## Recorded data
>>

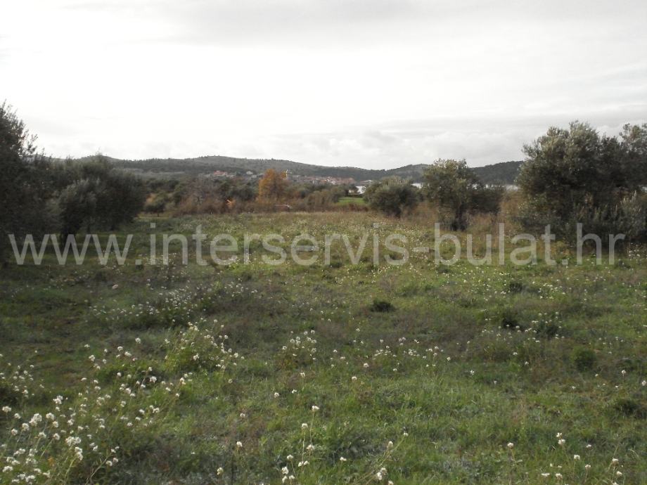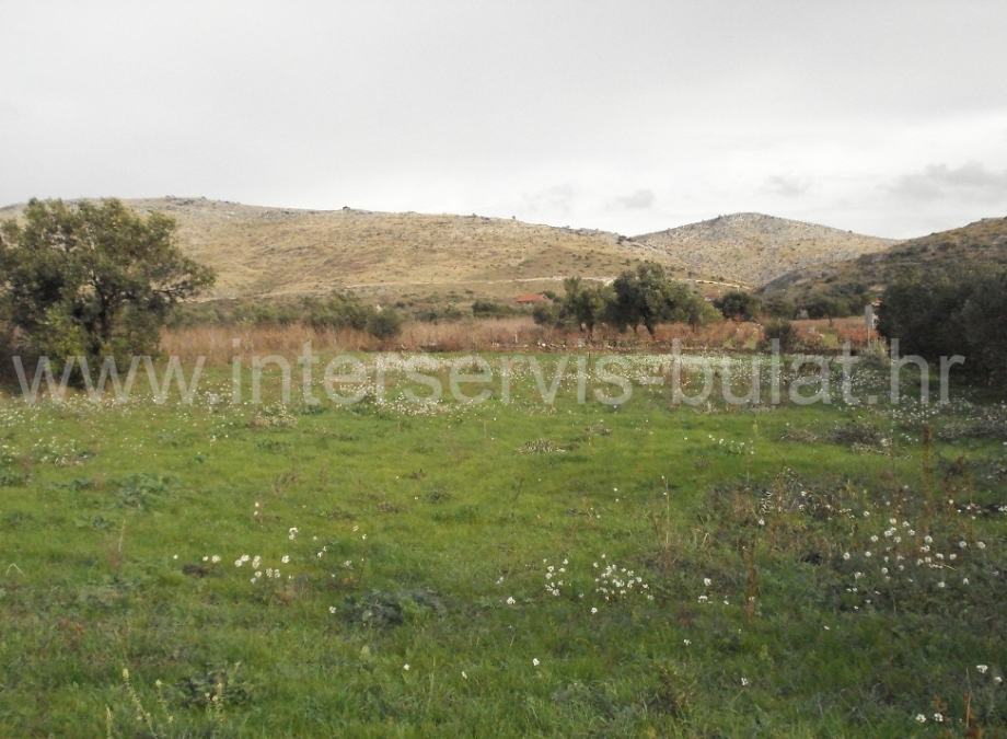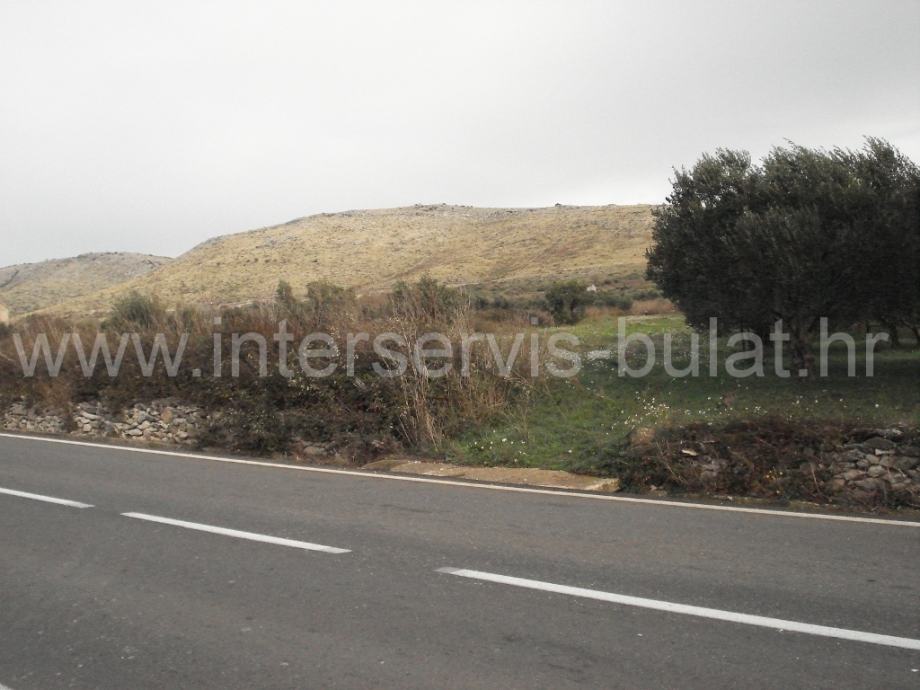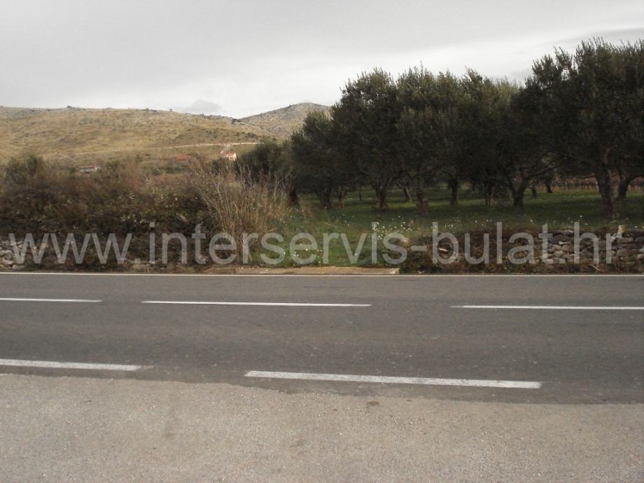 Poljoprivredno zemljište površine 1.800m2, nalazi se uz glavnu prometnicu prema Vrpolju (iznad ceste). Parcela ima 22m širine uz cestu i na njoj se nalazi pet stabala maslina. Vlasništvo je čisto.
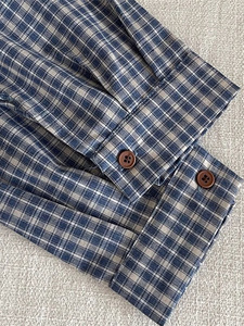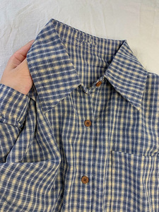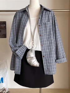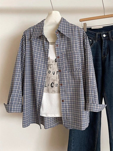 跨境格子衬衫外套女早秋春夏季复古法式上衣休闲长袖格纹防晒衬衣
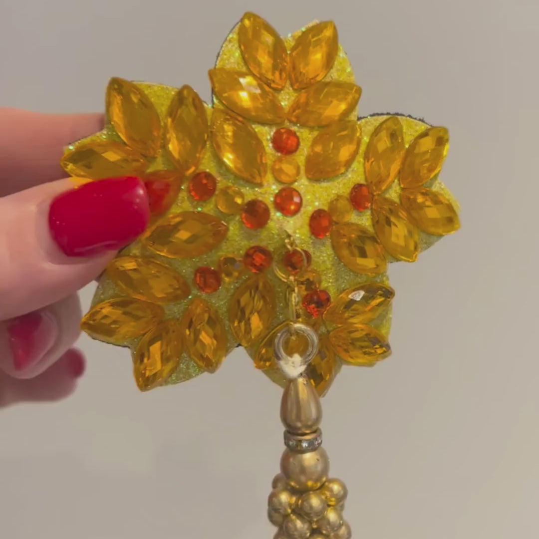 GOLDIE SWAN Yellow Flower Nipple Pasty, Nipple Cover (2pcs) avec des glands perlés jaunes et dorés pour lingerie Carnival Burlesque Rave
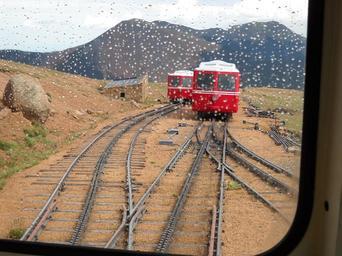 Keywords: mountain train train mountains rainy rails tracks raindrops
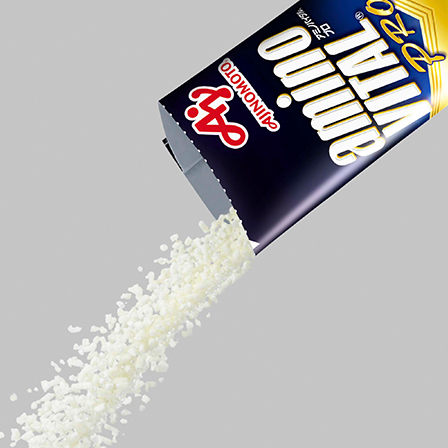 「アミノバイタル」は、アミノ酸の研究開発に約100年、医療領域の研究でも約50年の歴史をもつ味の素KKが「スポーツにアミノサイエンス」をコンセプトに、長年培った開発・製造技術をスポーツ分野に展開したことから誕生しました。アミノ酸の中でも運動のエネルギー源として注目されているバリン、ロイシン、イソロイシンという分岐鎖アミノ酸(BCAA)は、みずからをエネルギー源として、動かすカラダに欠かせない重要な栄養素です。日々の生活をもっとアクティブに過ごしたい、カラダを動かすことを楽しみたい、そんなあなたをサポートします。
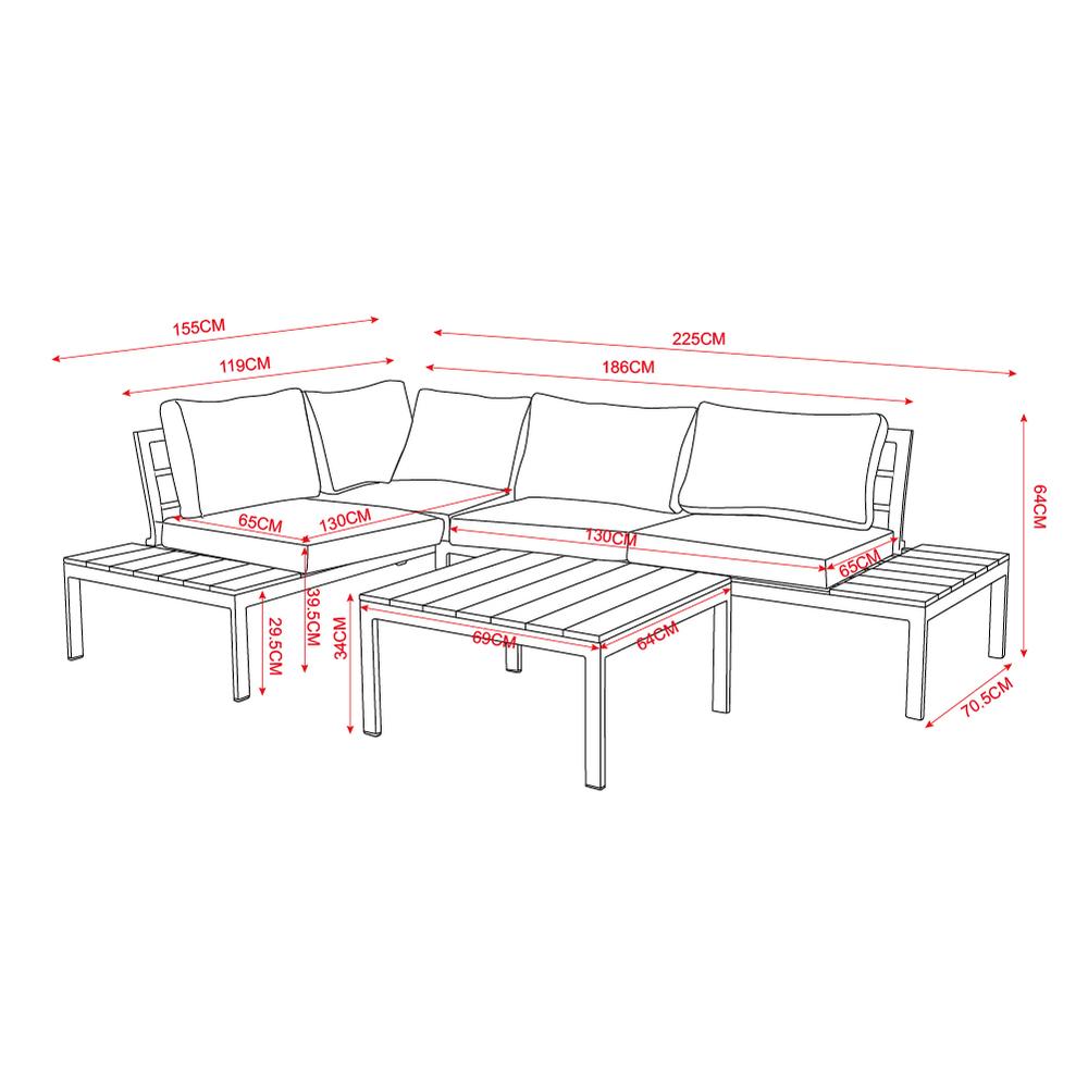 Rohový set zahradního nábytku v moderním designu obsahuje komfortní rohovou pohovku s měkkými polštáři, boční odkládací plochy a stolek. Stabilní kovovou konstrukci doplňuje odolná imitace dřeva, nábytek je tak praktický pro jeho snadnou údržbu. Skvěle vynikne v zahradě i na moderní terase.
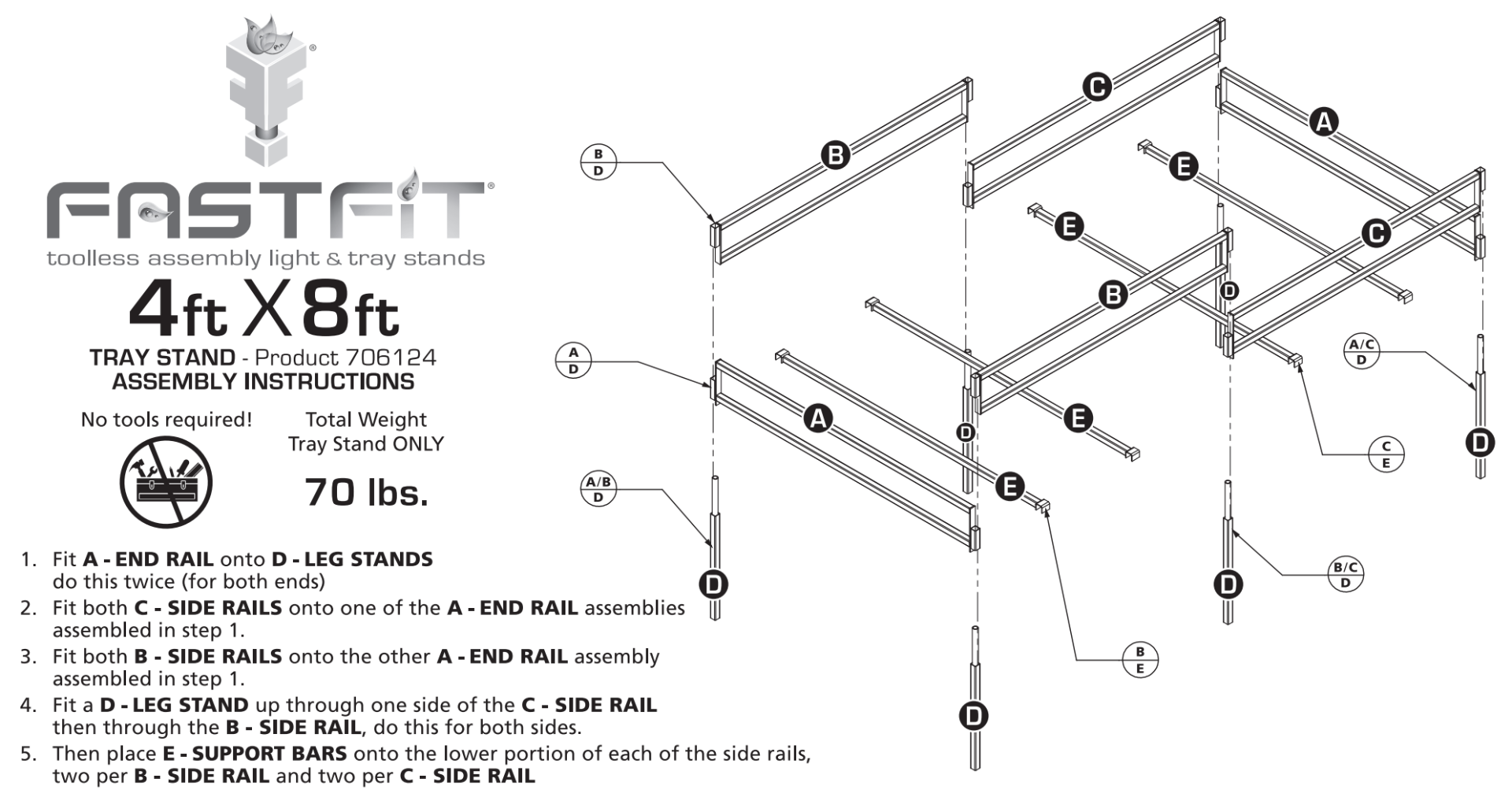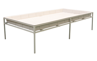 The Fast Fit is a heavy duty 4' x 8' quick assembly tray stand. Absolutely no tools required. Can be assembled in 5 minutes or less. Accommodates all popular brand (ID) inside dimension trays and reservoirs including Flo-n-Gro, Duralastics, Botanicare and more. Overall height is 25 in. Height from bottom bar to floor is 18 in without casters. Outside dimensions: 102 in length x 53 in wide. Inside dimensions: 100 in length x 51 in wide. Tray sold separately and may fit differently depending on brand.
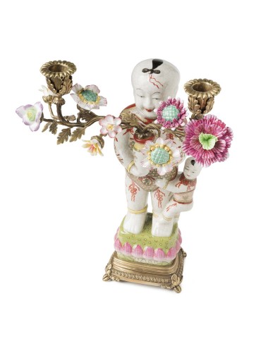 Traditional candleholder with metal and ceramic handcrafted decorations.
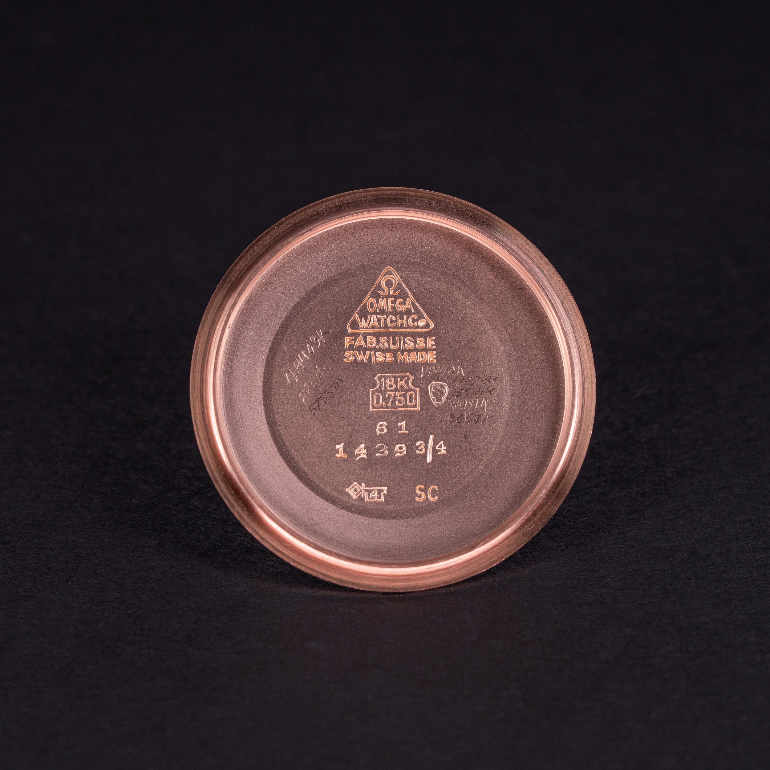 Kellon takapohjan sisäpuolella (kuva) on Omegan tunnukset, pitoisuusleima 18k/0,750, vuosileima 61 (1961) ja kuoren valmistajan avainleima (makers mark), jossa on numero 4. Tämä viittaa Genevessä toimineeseen kuorivalmistaja Antoine Gerlache SA, joka oli erikoistunut kultakuorien valmistamiseen.
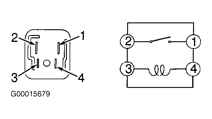 - Note identification of electrical terminals on daytime running light relay. See Fig 1. Using ohmmeter, check that no continuity exists between terminals No. 1 and 2 on daytime running light relay. Check that continuity exists between terminals No. 3 and 4 on daytime running light relay.
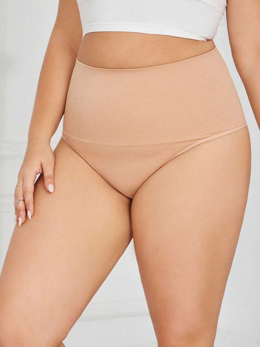Plus Solid High Waisted Shapewear Thong
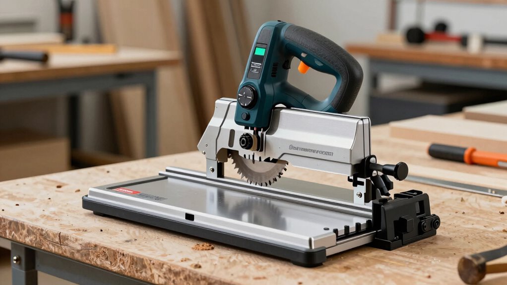 Choosing a portable miter saw is essential for making your work easier and more efficient, especially on busy job sites or in small workshops. A lightweight design, under 50 pounds, makes it simple to transport and reposition. Compact features like foldable or sliding fences help conserve space when the saw isn’t in use. Built-in carrying handles and ergonomic grips ensure safe, comfortable carrying. A modular or removable extension table allows for quick setup and easy storage. Additionally, a dual-bevel sliding miter saw with a small footprint fits well in tight spaces or tool cabinets, maximizing your workspace. Prioritizing portability and storage means you can move your saw effortlessly and keep your workshop organized, saving time and reducing fatigue during long projects.
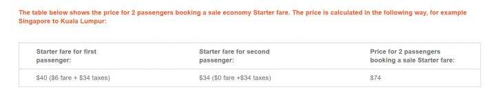 第二位乘客机票免费S$0机票钱+S$34税费=S$34
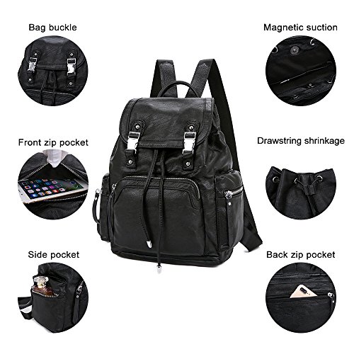 - ★ HIGH QUALITY & DURABLE MATERIAL High quality leather and inner polyester makes the backpack soft and durable.adjustable leather shoulder straps, smooth metal zippers and cotton lining. These materials feels more soft and skin-friendly.
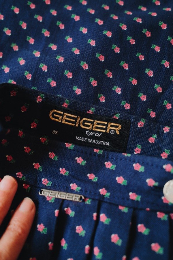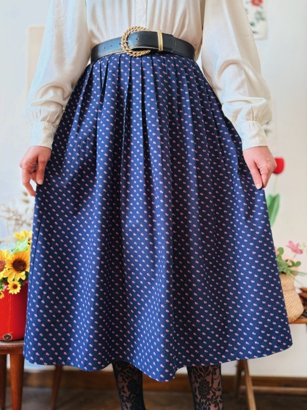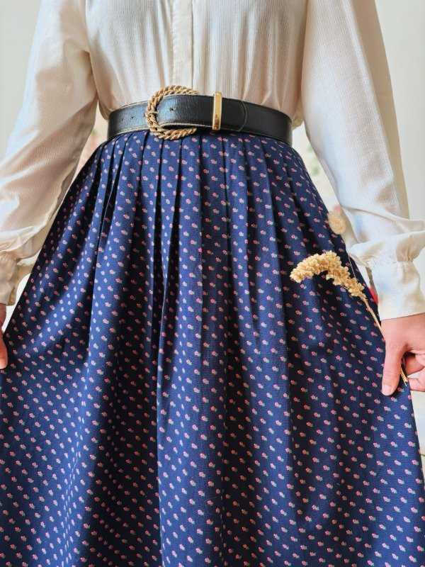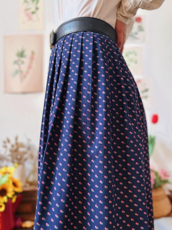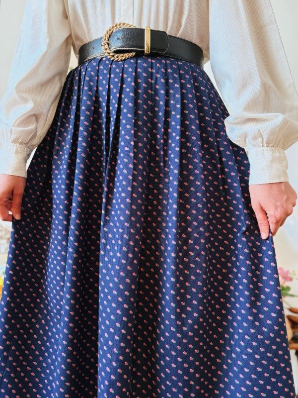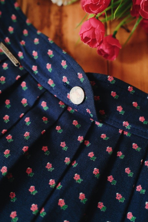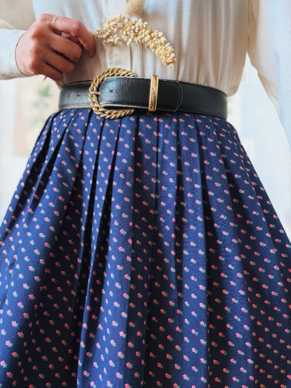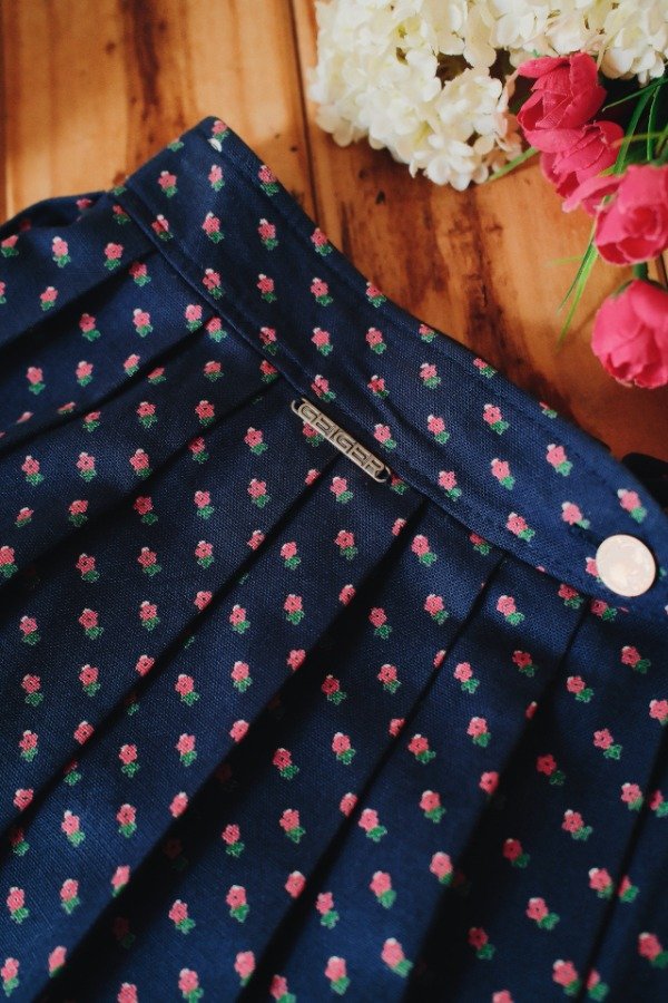 Falda hecha en Austria con tablas, cierre metálico y un botón de metal.

<<

## WHAT THE TASK ASKS
In the entries above, every line from the line with "第二位乘客机票免费S$0机票钱+S$34税费=S$34" to the line with "- ★ HIGH QUALITY" is to be printed exactly, with both ends included and pictures excluded.

## ANSWER AREA
 第二位乘客机票免费S$0机票钱+S$34税费=S$34
 - ★ HIGH QUALITY & DURABLE MATERIAL High quality leather and inner polyester makes the backpack soft and durable.adjustable leather shoulder straps, smooth metal zippers and cotton lining. These materials feels more soft and skin-friendly.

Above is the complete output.